I'll hold off telling you about Mukoma Wa Ngugi's Black Star Nairobi (Melville International Crime, 2013) until next week. Today, let me mention a few books on the way to their spawning grounds:
I read Peter Dickinson's Some Deaths before Dying (Mysterious Press, 1999) years ago, but I was in the mood for a re-read. Dickinson is one of crime fiction's most original writers, and all of his books are a pleasure. This one's about memory, honor, and betrayal. Rachel Matson spent her life as a photographer, but now the 90-year-old widow of a soldier who survived a Japanese prisoner-of-war camp during World War II lies in bed, barely able to move. Her spirit is still strong, and her mind is still sharp. When she learns that one of her husband's Ladurie dueling pistols is missing, she uses the photographs that document their lives and the help of her nurse, Dilys, to investigate. This complex story, which zigzags back and forth in time and place, is beautifully told and populated by unforgettable characters.
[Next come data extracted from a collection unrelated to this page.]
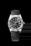 Unworn watch Rolex Sky-Dweller, 42mm, 18k White Gold, Ref# 336239-0002. New for 2023, a true masterpiece of engineering. Elegant and versatile, this stunning timepiece is the perfect luxury accessory for the modern traveler. This superb chronometer features a Black dial, which is the perfect backdrop for the luminous 18k White Gold index hour markers and hands, making it easy to read the time even in low light conditions. A well-readable minute scale is applied along the outer contour of the dial. The sophisticated multi-function display makes it easy to keep track of the time in two different time zones. The reference time is displayed in 24-hour format on an off-center dial, while the local time is read using the normal central hands. The annual calendar, named Saros, is powered by a patented mechanism and features an innovative display: the months of the year are shown in 12 windows around the circumference of the dial, behind the hour marker - the current month is displayed in red. The instantaneous date change is related to local time. The ribbed, easy-to-grip Triplock 18k White Gold screw-down crown features a triple water-resistance system in and Rolex logo decorated. The dial is covered with a scratch-resistant sapphire crystal with anti-reflective coating and Cyclops lens at the 3 o'clock position. The fluted bezel in 18k White Gold is a true hallmark of Rolex. Bidirectional rotatable, it is part of the Ring Command system and, when interacting with the crown, allows the user to select watch functions one by one and adjust them easily, quickly and simply. The model is powered by the innovative in-house Rolex mechanical movement, caliber 9002, contains 29 jewels and has an approximate power reserve of approximately 72 hours. This delightful watch is presented on an Oysterflex bracelet consisting of flexible metal blades coated with high performance elastomer, featuring a patented longitudinal cushion system that stabilizes the watch on the wrist, and fitted with an 18k White Gold Oysterclasp clasp. It also features the Rolex Glidelock extension system, developed and patented by the brand. Water resistant up to 100m/330ft (10 ATM).
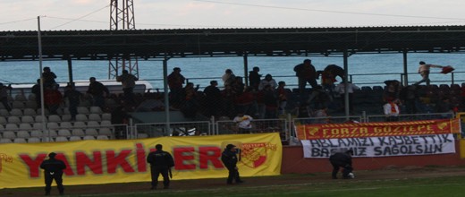 Akçaabat Sebatspor Göztepe karşılaşması sonrası istenmeyen olaylar yaşandı. Göztepeli taraftarlar koltukları kırıp Sebat taraftarına attı.
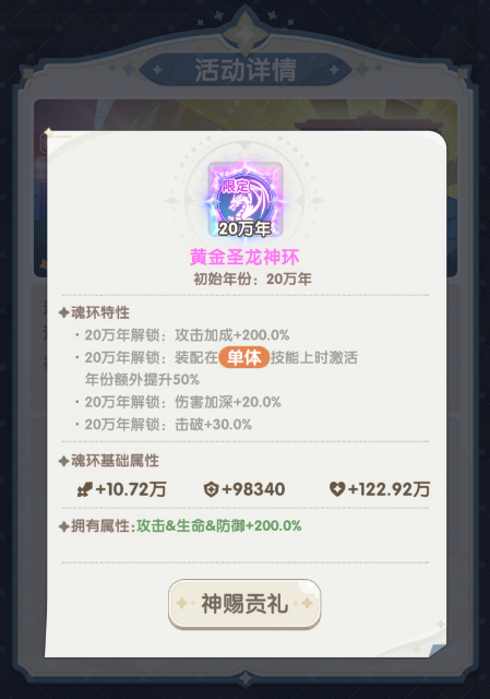 神域试炼开启,突破极限,冲击更高神阶!参与活动可获得进阶二级神祇材料「神明愿力」、20万年魂环「黄金圣龙神环」、「暗魔邪神虎神环」
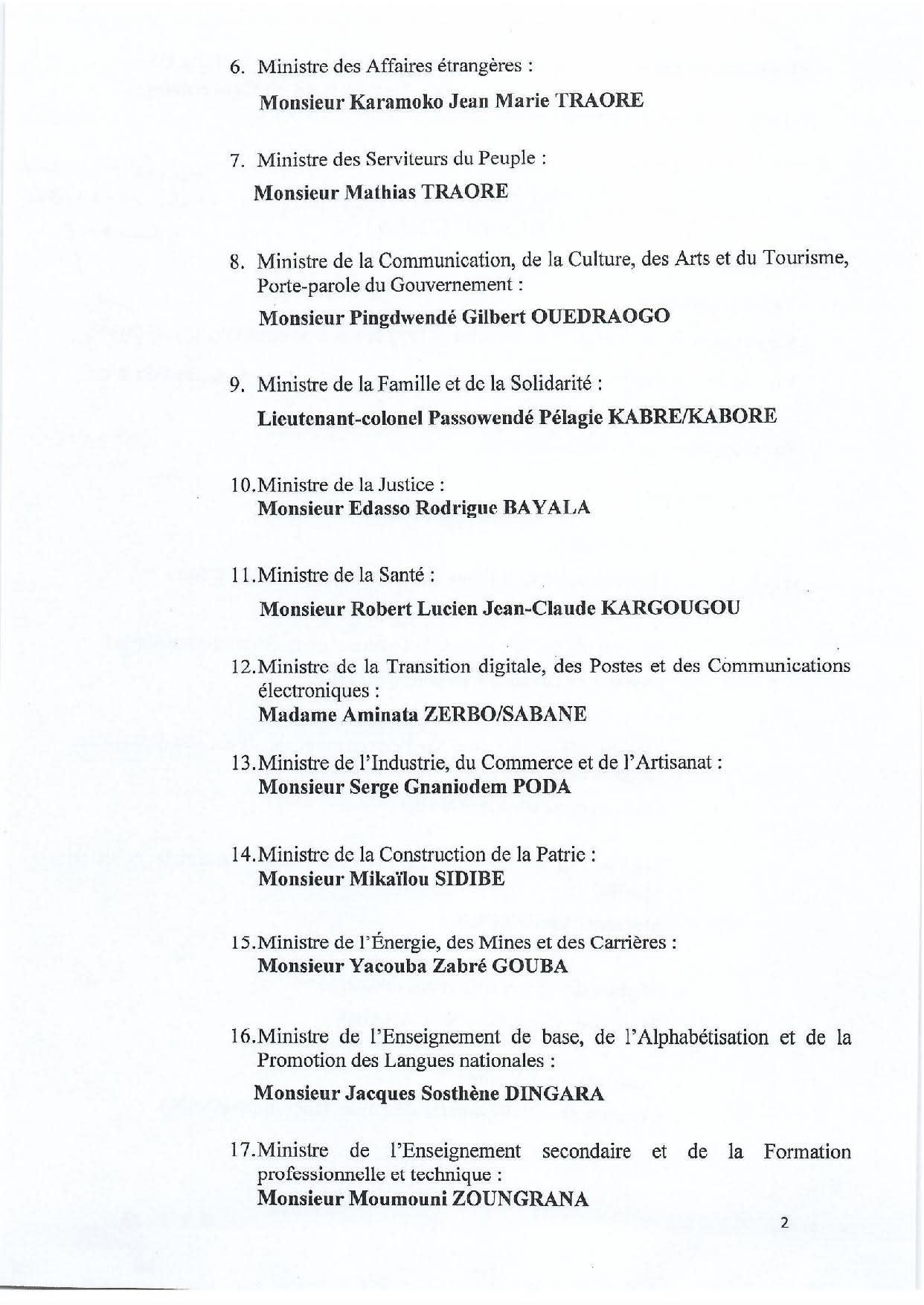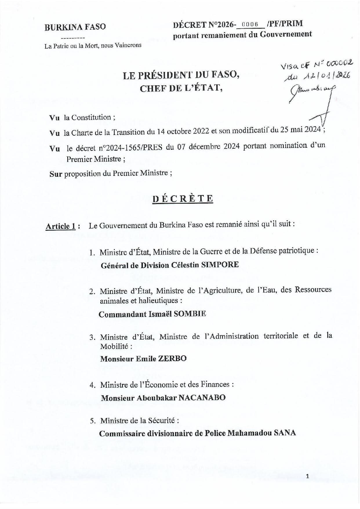 Remaniement du Gouvernement du Burkina Faso

Who can resist a book about the heart strings that bind us set against the backdrop of war? Anthony Marra's 2013 debut, A Constellation of Vital Phenomena, published by Hogarth/Crown, revolves around eight characters in rural Chechnya after the fall of the Soviet Union. Three of the characters are key: eight-year-old Havaa, whose father is abducted by Russian soldiers, and Sonja and Akhmed, two doctors who risk their lives to protect her. While the circumstances are bleak, the characters retain enough humor and their fates remain optimistic enough to sustain us. After David Benioff's City of Thieves, I'm once again ready for a return to war.
And now, back to my books, before they return to the library.